● **DATA**:
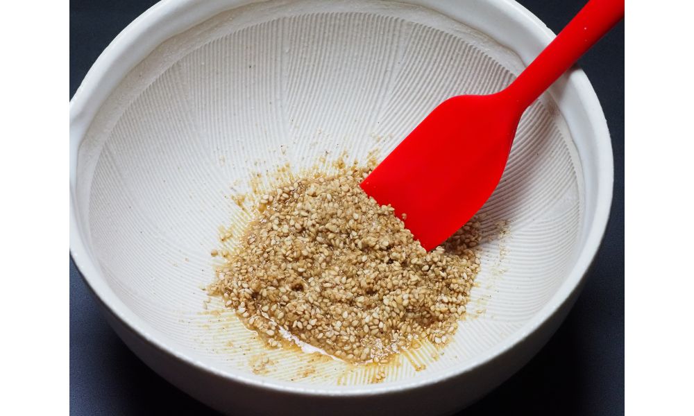 下茹でしている間に、すり鉢で炒りごまを半ずりにし、調味料を合わせておきます。
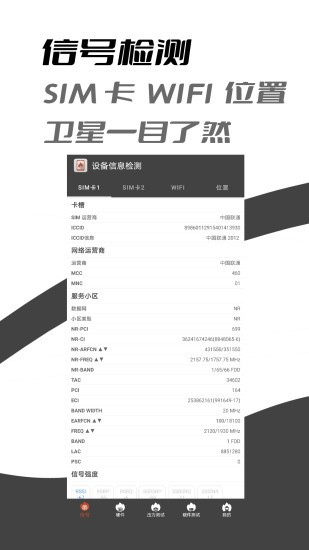 1、这款软件可以帮助用户查看到本设备的各种数据选项,分别分为概览、设备、系统、芯片以及卫星定位等功能。
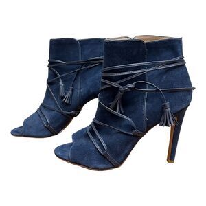 Joe’s Jeans Halsey Blue Suede Peep Toe Lace-up Stiletto Tassel Ankle Booties 8
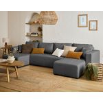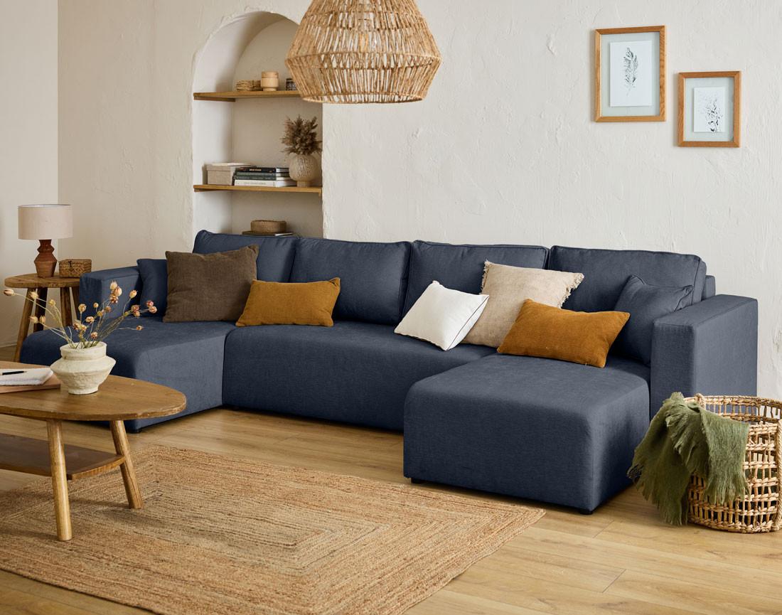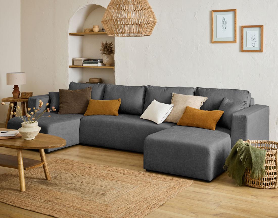 Grâce à son volume généreux, ses 7 places assises ainsi que sa confection panoramique, le canapé TOPAZE fait partie des créations XXL idéales pour les espaces sophistiqués. Famille nombreuse ou maisonnée toujours remplie de convives : ce modèle est fait pour vous ! Vous pouvez y installer aisément 7 personnes tout en ayant la possibilité d'utiliser le mode convertible afin de bénéficier d'un couchage d'appoint. Pratique pour les invités d'un soir, pour accueillir vos siestes du dimanche après-midi, ou tout simplement pour étendre vos jambes et vous sentir pleinement à votre aise ! Votre confort est assuré par le canapé panoramique TOPAZE grâce à son assise à ressorts ondulés, sa densité de garnissage généreuse, ses larges accoudoirs ainsi que ses agréables coussins de dossier. Les deux méridiennes, aux dimensions similaires, apportent une touche de structure et de modernité à votre canapé : de quoi sublimer votre pièce par un meuble volumineux et raffiné à la fois.
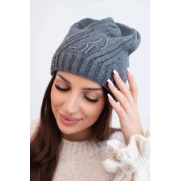 Dámska zimná vlnená čiapka s geometrickým vzorom a jemným leskom K401 tmavosivá

● **EXERCISE DESCRIPTION**: Copy out exactly, with no pictures, the lines of the data from the first one through the line bearing "Joe’s Jeans Halsey".

● **RESULT OF THE TASK**:
 下茹でしている間に、すり鉢で炒りごまを半ずりにし、調味料を合わせておきます。
 1、这款软件可以帮助用户查看到本设备的各种数据选项,分别分为概览、设备、系统、芯片以及卫星定位等功能。
 Joe’s Jeans Halsey Blue Suede Peep Toe Lace-up Stiletto Tassel Ankle Booties 8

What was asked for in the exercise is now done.